As investidas incendiárias de Jair Bolsonaro contra o sistema eleitoral e as instituições encontram, cada vez mais, uma firme resistência da sociedade civil organizada. O recado é claro: o país não está disposto a arriscar as conquistas democráticas das últimas décadas por uma volta a um passado de trevas.

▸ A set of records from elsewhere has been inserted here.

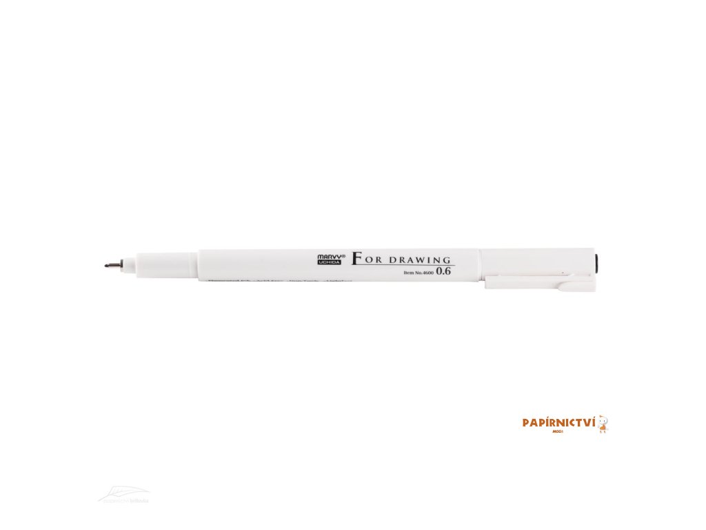 Marvy Uchida For Drawing pigmentový popisovač s odolnou špičkou hrotu • hrot se stopou 0,6 mm je odolný a je obtížné jej ohnout • vlákna hrotu zasazená v kovové objímce • pigmentový inkoust Marvy For Drawing na bázi vody, perfektní sytá stopa • při použití v komiksu jsou Marvy Uchida 4600 For Drawing 0,03 a 0,05 mm pro jemné linie, jako jsou oči a vlasy • tenké elegantní štíhlé tělo, hrot chráněný víčkem s plastovým klipem • na víčku i na těle označení síly popisovače • vhodné pro kresbu, sketch, komiksy, manga, lineaart • Marvy Uchida For Drawing 0,6 mm černý pigmentový inkoust • Marvy Uchida 4600 0,6
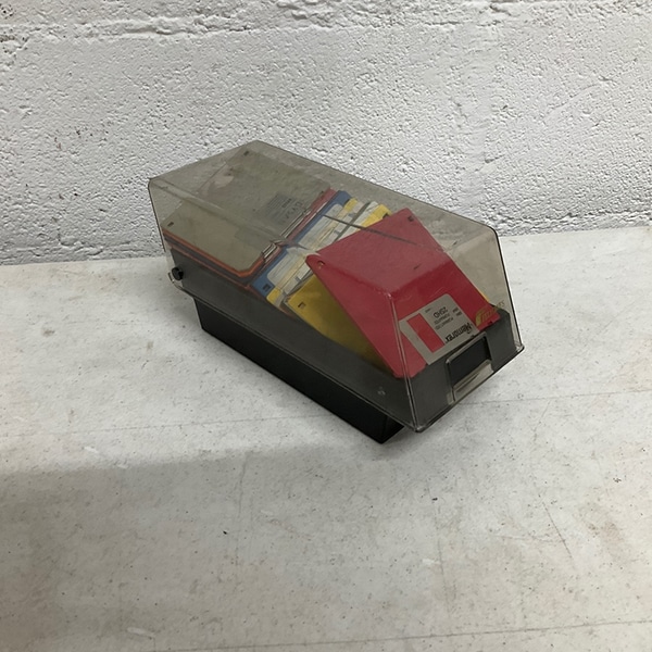 Vintage storage box for 5.25-inch floppy disks. Ideal for organizing and protecting diskettes. Perfect for office or retro tech decor.
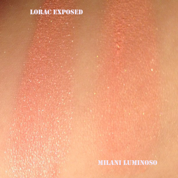 I've had these blusher for a while now, my favorite one is Luminoso. It's a gorgeous peach color that's perfect for the summertime. It's also the wearable shade for me, since I can just slap it on without too much worry. All three are incredible pigmented with Fantastico Mauve being the most pigmented one. I use a very light hand to apply Berry Amore and especially Mauve Fantastico (or you will look like a clown!). They all have shimmer in them so be extra careful if you have large pores as the shimmer can draw attention to them. Lasting power is very good. You can purchase them on the Milani website or at Walgreens, and CVS. Onto the swatches and possible dupes!

A reação à escalada autoritária do extremista de direita se espalha pelos mais diversos setores do país. Na quinta-feira(5), o manifesto pela defesa do sistema eleitoral ganhou o peso do setor empresarial. Nesta sexta-feira, editorial no jornais Folha  pediu o afastamento do presidente.

Elite empresarial repudia Bolsonaro

Os empresários temem as consequências das constantes turbulências institucionais causadas por Bolsonaro para o ambiente de negócios. Um dia após ser divulgado, o documento passou de 267 assinaturas para mais de 6 mil adesões.

“Os repetidos ataques do presidente à democracia e suas instituições vão acabar colocando em risco a recuperação econômica. O país precisa urgentemente de trabalho e serenidade”, disse o banqueiro Ricardo Lacerda, sócio-fundador do BR Partners, à Folha de S. Paulo.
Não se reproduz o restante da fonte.